# Removing a pre-fab fireplace insert



## MarkinTN1 (Oct 5, 2009)

My house was built in 1991. It has a pre-fab fireplace insert that developed a leak, it has damaged the exterior and the interior ceiling.
After long family deliberations we've decided to remove the fireplace. The exterior shell of the fireplace is 16ft high, making it extremely difficult for me to work on.
My questions are:

1. How hard is it going to be for me to tear the existing fireplace stack down?

2. What will I be up against in removing the actual insert?
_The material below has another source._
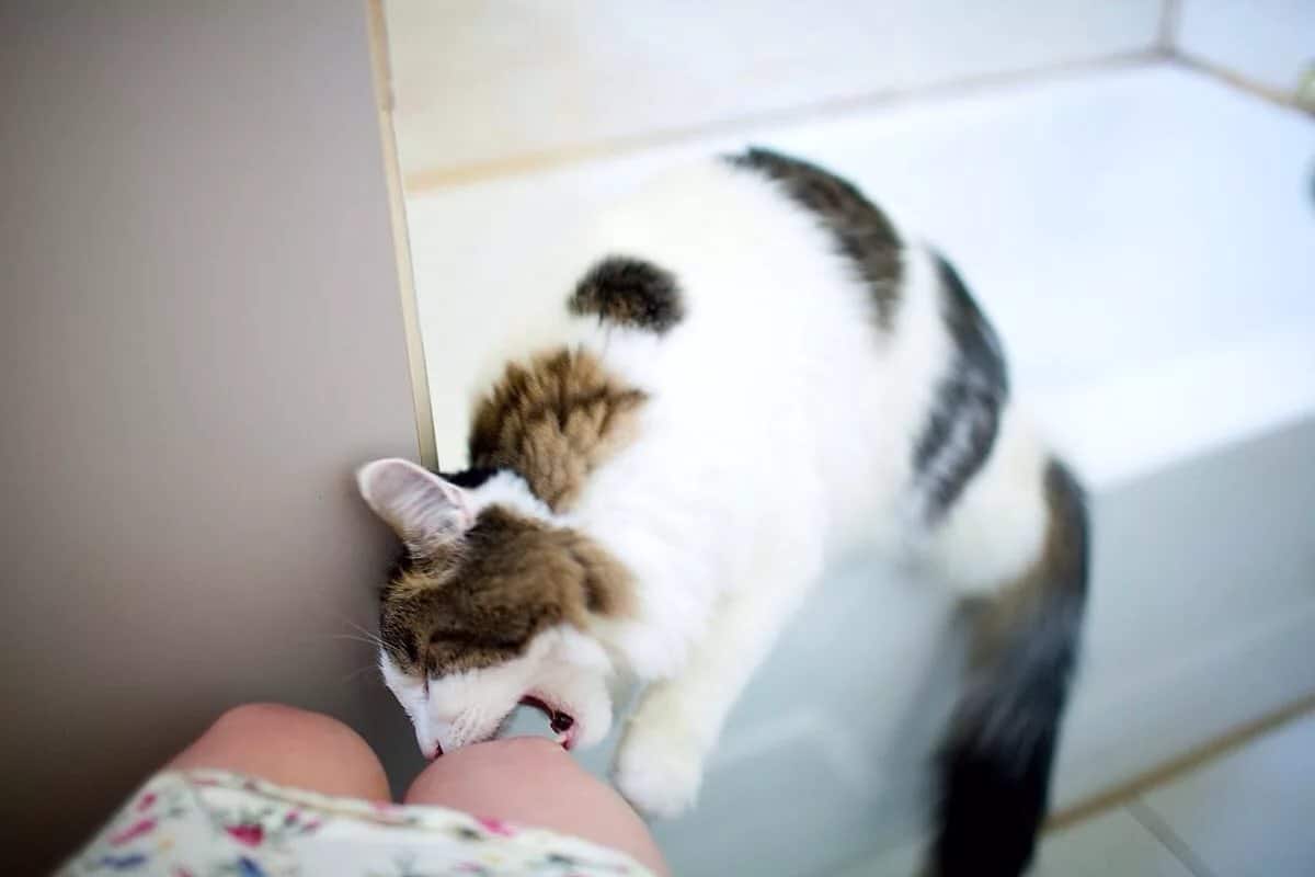 Что же делать, если кошка уже кусается за ноги и руки, а воспитание и игнорирование не помогает. Подобное действительно случается, чаще с темпераментными животными или с тихонями, которые чувствуют себя очень уязвимыми.

All comments are appreciated.


----------



## Gary in WA (Mar 11, 2009)

Start at the top with the actual pipe, comes in 3'sections. 1/8 twist lock/unlock turn, or sheet-metal screws at joints. Pull perimeter nails at cap, remove.Remove siding, corners, ply or OSB. Remove framing above roof, patch roof. Remove brick veneer, drywall and inside framing. Then inside pipe down to stove. Unit is heavy, 300#, use a hand truck or young bucks. Remove outside siding, corners, framing OR just leave the lower half as it is on it's own concrete foundation wall and footing, a mess to lower for the new slab (which won't match). Extend the rafters over the top and add new comp. shingles. Gutter there will be a problem......
Be safe, Gary


----------